Listen to this story.

Enjoy more audio and podcasts on iOS or Android.

Does it achieve what it purports to? Sometimes. But sometimes Grammarly doesn’t do what it should, and sometimes it even does what it shouldn’t. These strengths and failings hint at the essence of language and the peculiarity of human intelligence, as opposed to the artificial sort as it stands today.

Begin with the strengths. In a rough piece of student writing, Johnson counted 14 errors. Grammarly flagged five. For example, it sensibly suggested inserting a hyphen in “post cold war [world]”. It spotted a missing “the” in the phrase “with [the] European economy”. And it noticed an absent “about” in “wondering [about] the state of Europe”. By using Grammarly, the author of this essay could have avoided some red ink.

On the other hand, Grammarly has a problem with false positives, calling out mistakes that are not. The other two suggestions were not disastrous, but neither did they relate to “critical errors” as Grammarly maintains. In the assertion that enlargement had “created a fatigue” within the European Union, Grammarly needlessly suggested deleting the “a”. In another error-ridden sentence it recommended removing a comma, which fixed none of the problems. This false-positive tendency is not a deal-breaker for reasonably skilled writers who just want a second pair of eyes; you can dismiss any suggestion you like. But truly struggling scribblers might not know when Grammarly’s ideas would make their prose worse rather than better.

Then there are the false negatives, or the mistakes Grammarly fails to notice. Depending on the text, Grammarly can seem to miss more errors than it marks. The company’s chief executive, Brad Hoover, describes it as a “coach, not a crutch”—which sets expectations more appropriately than some of the ads do.

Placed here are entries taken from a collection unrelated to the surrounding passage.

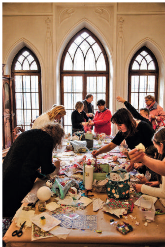
Choinka i wspólne tworzenie ozdób - 2020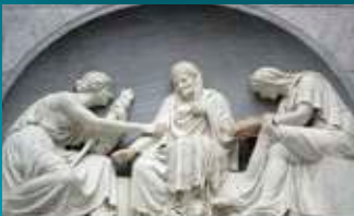
Mojre – Zeusove kćeri suđenice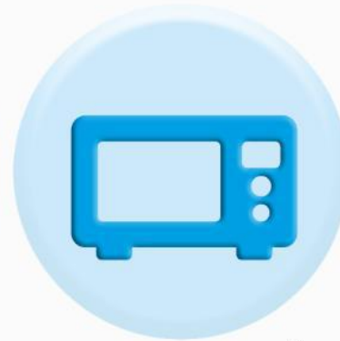
ПАНЕЛИ БЫТОВОЙ ТЕХНИКИ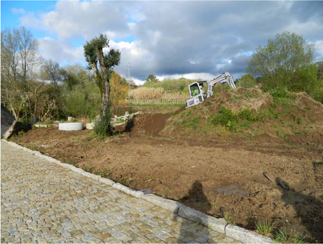
12-03-2013 Início da consolidação da micromodelação a implementar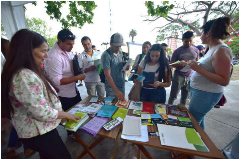
Difusión de material sobre derechos, confeccionado por varias instituciones públicas.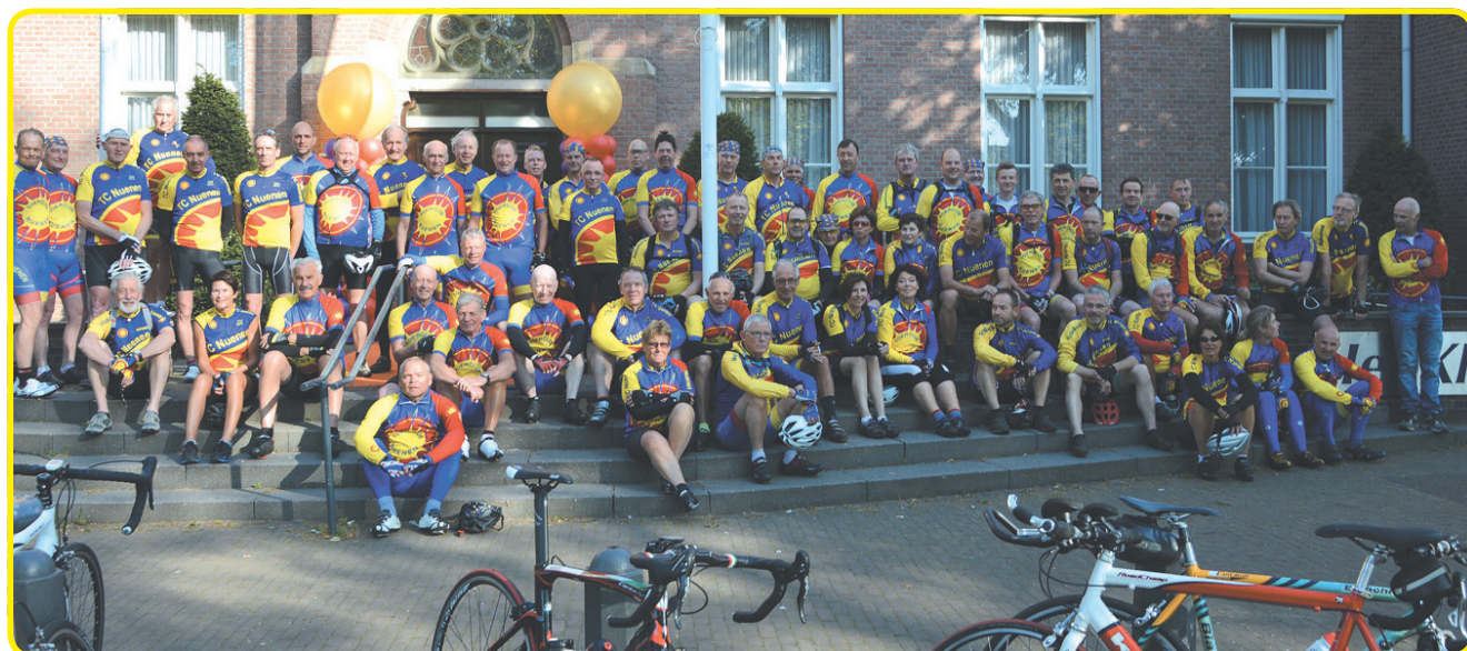
De organisatie van de Van Goghfietsstoertocht berust bij ToerClub Nuenen. Iedereen kan meedoen aan deze fietstocht....

voor vertrek in te schrijven bij café Schafrath Park 35 in Nuenen. Dat kan zondagmorgen 18 juni tussen acht en negen uur. Deelname kost voor leden van de Nederlandse Toerfietsunie (NTFU) drie euro en voor andere deelnemers vier euro. Voor meer informatie zie ook de site van de organisatie www.tcnuenen.nl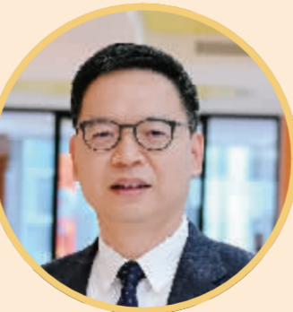
全国政协委员、中豪律师事务所管委会主席 袁小彬

面对新挑战,袁小彬建议,相关监管部门主动对接国际高标准金融监管规则,在绿色金融标准、数字金融监管等领域积极参与国际规则制定,提升我国在国际金融治理中的话语权和影响力。同时,进一步提升人民币跨境支付系统(CIPS)的服务能力和国际参与度,完善跨境金融风险监测、识别和处置体系,建立与国际规则接轨的跨境纠纷争端解决机制,构建与高水平对外开放相适应的跨境金融监管体系,有效防范化解跨境金融风险。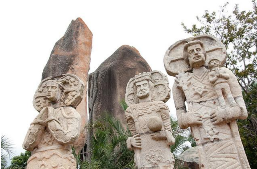
Les deux rochers, lieu du sacrifice, à Pedra Bonita –Pe 333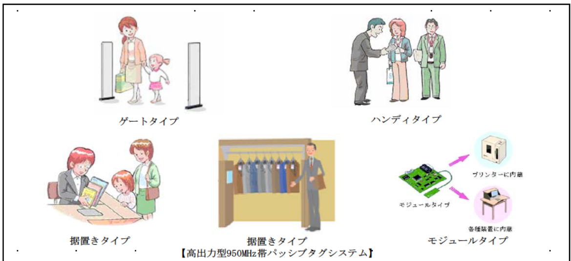
図4 各タイプのRFID機器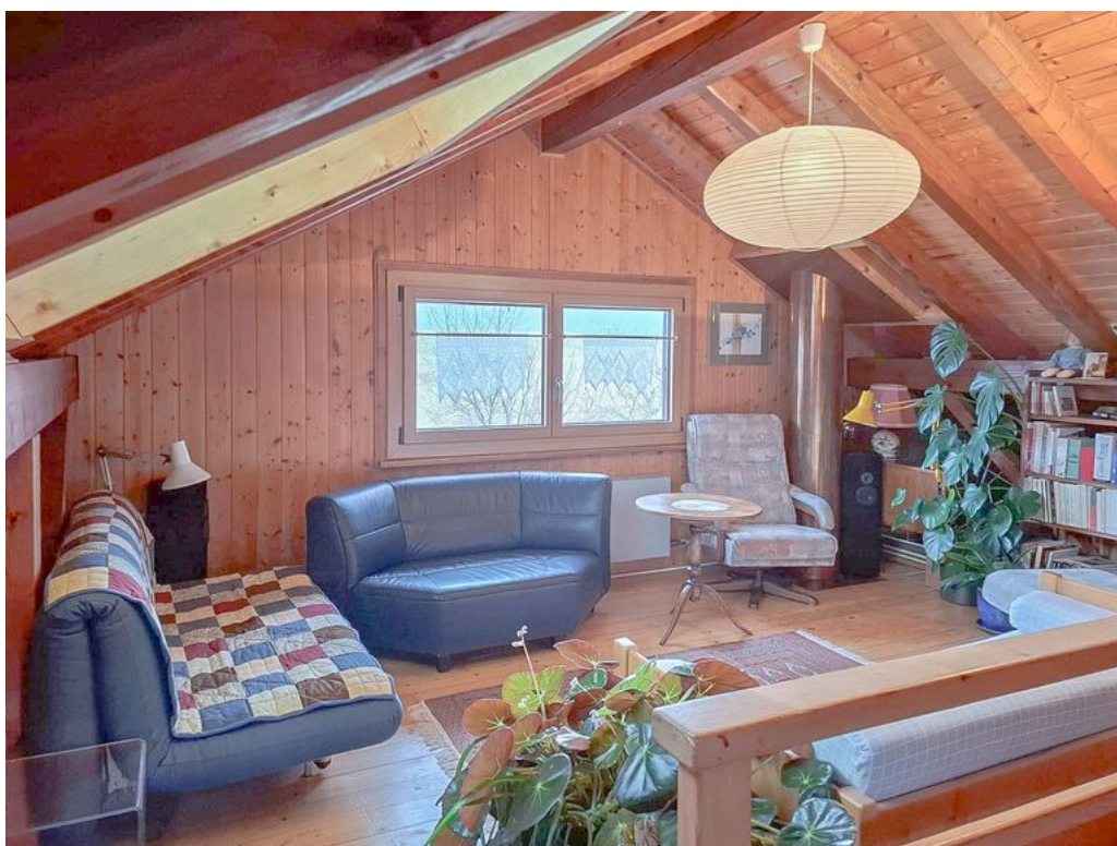
1er étage - spacieuse pièce mansardée avec velux

Artificial-intelligence systems like Grammarly are trained with data; for instance, translation software is fed sentences translated by humans. Grammarly’s training data involve a large number of standard error-free sentences (so it knows what good English should look like) and human-corrected sentences (so the software can find the patterns of fixes that human editors might make). Developers also manually add certain rules to the patterns Grammarly has taught itself. The software then looks at a user’s prose: if a string of words seems ungrammatical, it tries to spot how the putative mistake most closely resembles one from its training inputs.

All this shows how far artificial “intelligence” is from the human kind (which Grammarly wants to correct to “humankind”). Computers outpace humans at problems that can be cracked with pure maths, such as chess. Advances in language technology have been impressive in, for example, speech recognition, which involves another sort of statistical guess—whether or not a stretch of sound matches a certain string of words. One Grammarly feature that works fairly well is sentiment analysis. It can rate the tone of an email before you send it, after being trained on texts that have been assessed by humans, for example as “admiring” or “confident”.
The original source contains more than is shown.